This project is still at an early alpha development stage.

However, PyFtdi is being forked from a closed-source software implementation
that has been successfully used for over a year - including serial, spi and
jtag protocols, based on top of the libftdi_ open source library.

libftdi_ is now being phased out from this closed-source project and replaced
with PyFtdi, to ease maintenance and customization.
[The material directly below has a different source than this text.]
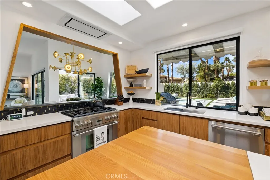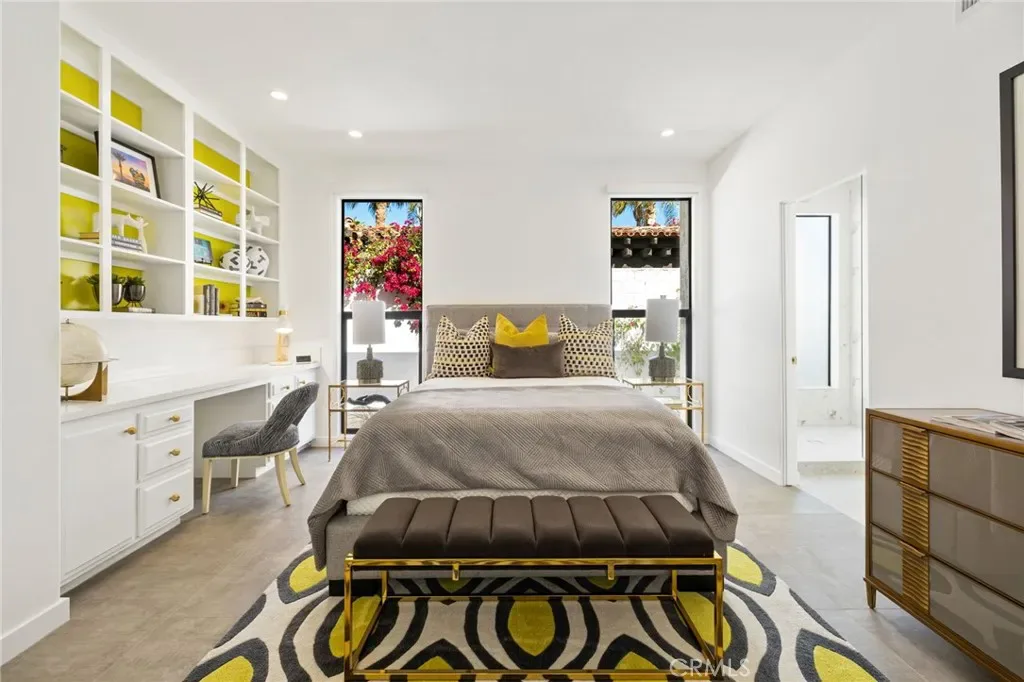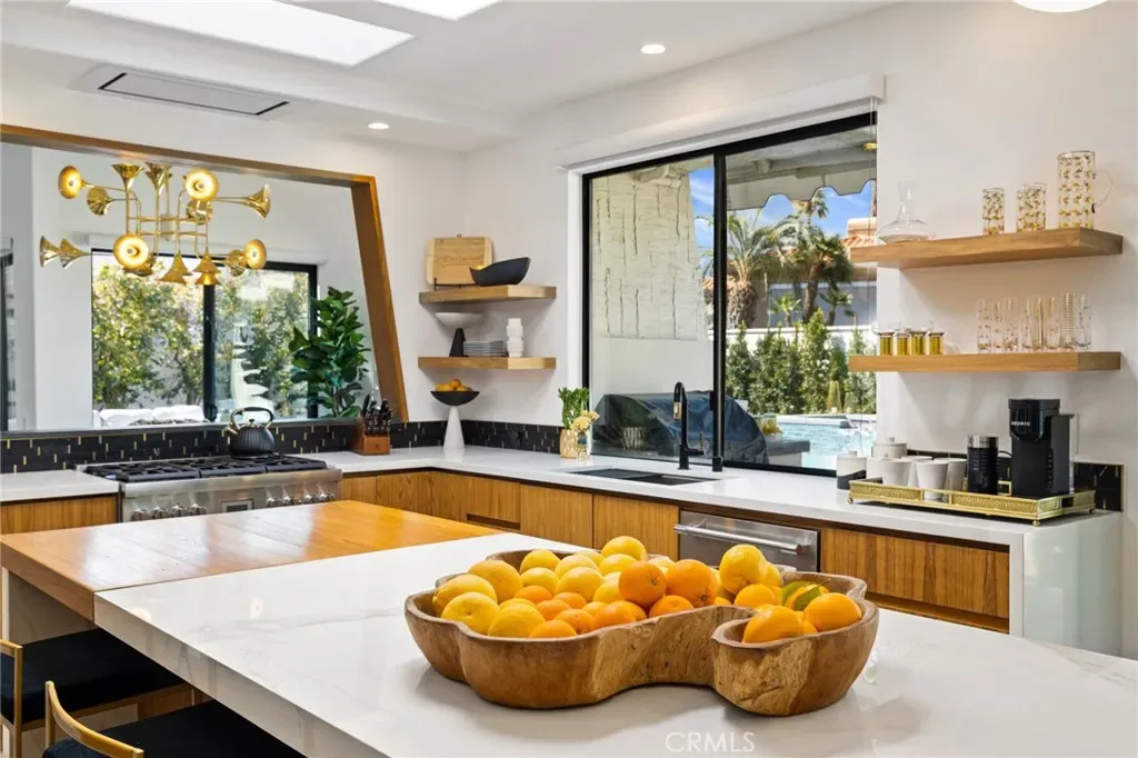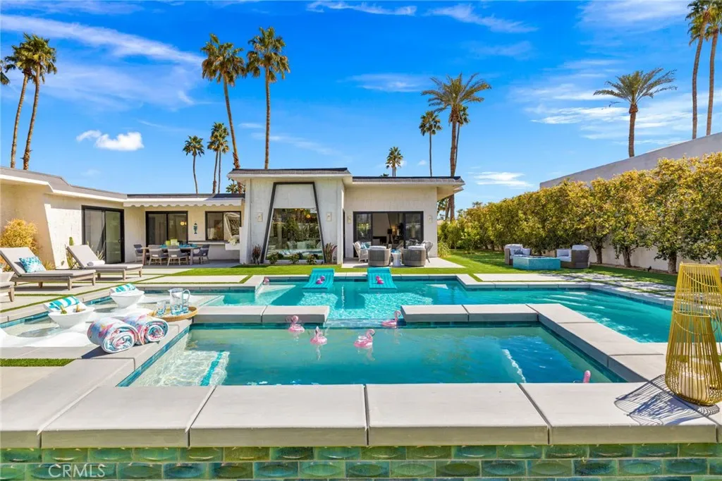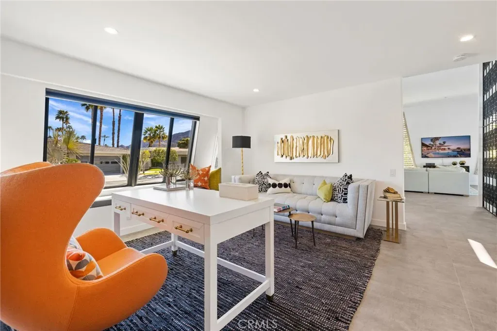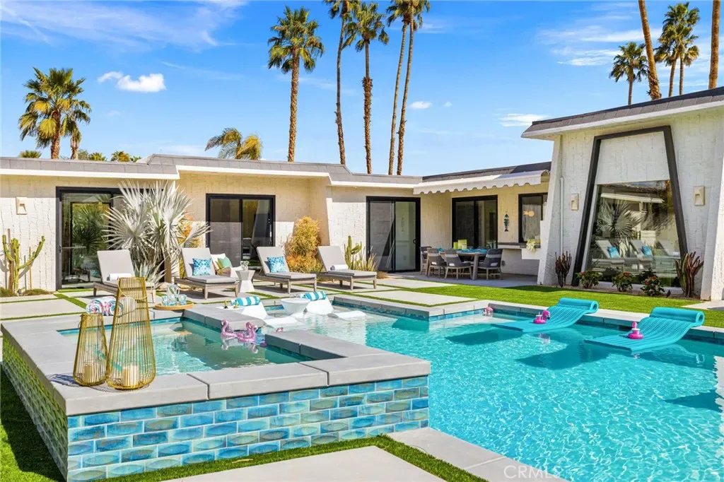 Comprehensively renovated in 2022, the property blends refined materials with an effortless, livable elegance. Outdoors, a newly designed saltwater pool and oversized 12-jet spa are set within lush, private grounds featuring mature desert landscaping and citrus trees including grapefruit, lemon, lime, and kumquat.

Meanwhile, PyFtdi is developed as an open-source solution.

Supported features
------------------
* All FTDI device ports (UART, MPSSE) can be used simultaneously.
* Serial port, up to 12 Mbps. PyFtdi includes a pyserial_ emulation layer that
offers transparent access to the FTDI serial ports through a pyserial_-
compliant API. The ``serialext`` directory contains a minimal serial terminal
demonstrating the use of this extension, and a dispatcher automatically
selecting the serial backend (pyserial_, PyFtdi), based on the serial port
name.
* SPI master. PyFtdi includes several examples demonstrating how to use the
FTDI SPI master with a pure-Python serial flash device driver for several
common devices. For now, SPI Mode 0 (CPOL=0, CPHA=0) is the only supported
mode. It should be easy to extend the SPI master to deal with less common
modes. These tests show an average 470 KB/s read out from flash devices
running with a 6 MHz SPI clock on a Core2Duo Mac Book Pro.
* JTAG is under development and is not fully supported yet.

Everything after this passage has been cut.